Estate agents and property economists often talk about the average “listing time” getting longer or shorter – but what does this actually mean to the individual home buyer or seller?
Gerhard Kotzé, MD of the RealNet estate agency group, says the average listing time is a useful measure of whether the market generally is moving in favour of buyers or of sellers. “The listing time of a property refers to the number of days between the time that it is first listed as being for sale, and the time that an offer to purchase is accepted or the owner decides to take the property off the market again.
“And of course that period tends to be shorter when there is high demand and lots of buyers keen to snap up any well-priced properties that become available – and longer when there is low demand and an oversupply of properties for sale relative to the number of potential buyers.
“In short, when the national average listing time gets longer, it is an indication that a “buyers’ market” is developing and that sellers may need to become increasingly accommodating with regard to both price and terms in order get their properties sold.
“On the other hand, when the national average listing time becomes shorter, it indicates an overall market shift in favour of sellers – and also the likelihood of home prices becoming less negotiable and possibly even starting to rise if the supply of homes for sale continues to shrink in the face of high buyer demand.
“In the latter set of circumstances the average home loan size will also tend to rise and it will become even more advantageous to be pre-qualified for a home loan, especially if you are one of a number of buyers making competing offers for the same property.”
He says that this is where the market appears to be currently, according to the latest statistics from First National Bank, which show that the national average listing time fell to 67 days in the fourth quarter of last year from 76 days in the third quarter. In addition, the figures show that the average differential between asking prices and actual selling prices has declined to 10% currently from 13% at the beginning of 2020, while the average home price increased by 2,1% last year.

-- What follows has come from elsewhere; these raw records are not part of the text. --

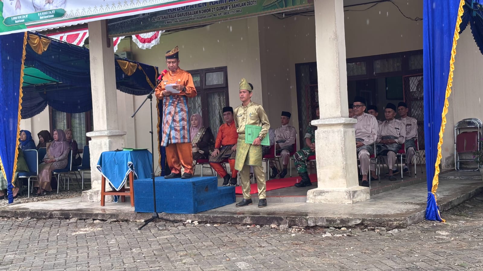 Bertindak selaku Pembina Upacara Camat Gunung Sahilan, H. Musnaini, S.Ag., M.Si, Pemimpin Upacara Saidul Tombang Pimpinan Pondok Pesantren Annizam Darussam, Perwira Upacara : Saramli, SH (Danru Pol PP) Kecamatan Gunung Sahilan.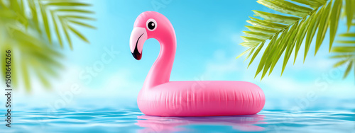 Pink inflatable flamingo floating on calm water under tropical palm trees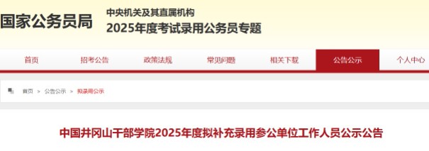 国家公务员补录网站近日发布公示,中国井冈山干部学院拟补充录用曹雅琪等4名同志为参公单位工作人员。本文详细介绍补录流程、岗位信息及公示详情,并提供2026国考备考资料领取通道。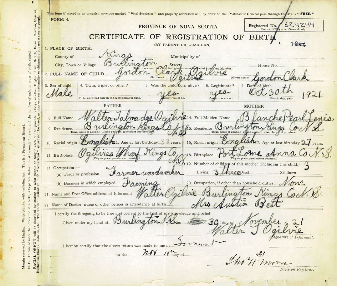21. Name and Post Office address of Informant Walter Ogilvie Burlington, Kings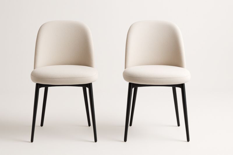 Paire de chaises en tissu beige avec pieds en acier noir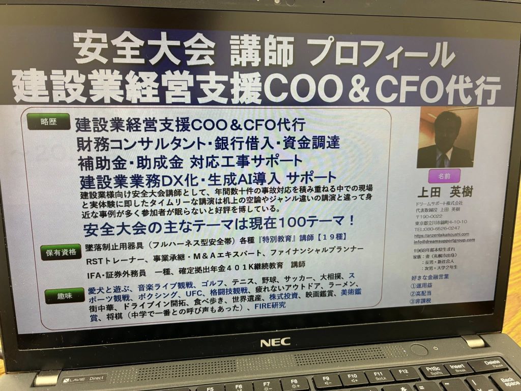 職長・安全衛生責任者教育やその他の建設業向け特別教育の出張講習のご相談もいただき来週打ち合わせとなりました。
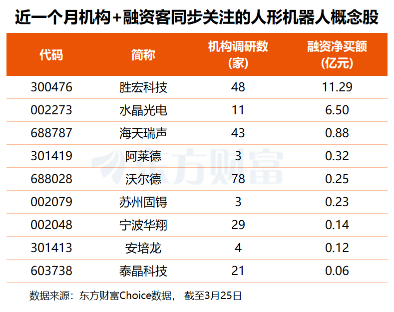 东方财富Choice数据显示,近一个月来,共有9只人形机器人概念股获得机构调研,同时还获得杠杆资金加仓。其中,胜宏科技获融资客大举抢筹超11亿元,水晶光电融资净买额约6.5亿元,海天瑞声获融资净买入0.88亿元,阿莱德、沃尔德、宁波华翔等5股均获杠杆资金超千万元加仓。

“However, it is important to remember that the property market is never homogenous, and that national averages can mask very big differences between various segments of the market. At the moment, for example, we are seeing much shorter listing times and greater price growth in the lower price categories than in the higher categories.
“There are also always variations between different suburbs, and this is where the knowledge and expertise of a reputable local agent can be of enormous help to the individual buyer or seller. As an owner that wants to sell your property within the current average listing time in your specific area, you will need your agent’s help to fine tune your asking price and get it as close as possible to the what buyers in that area are currently paying for similar homes - and then to market the property as soon as possible to the biggest possible audience of potential buyers.
“Without such help, the chances are that your property will languish on the market for much longer than the average listing time, that potential buyers will start to think that there is something wrong with it, and that you will end up either selling for much less than you hoped or withdrawing the property from the market.”
Alternatively if you are a buyer, says Kotzé, a shortage of stock in any segment of the market means that it will become increasingly challenging to find “bargain” purchases and /or sellers who are prepared to consider offers that are not close to their asking prices.
“But asking a local agent to help you identify any properties that may have been listed for a long time is a good move – especially if the owners have already relocated to their new homes. If they are still paying off a bond and carrying the running costs of an empty property, they will probably be more motivated to accept a lower offer.”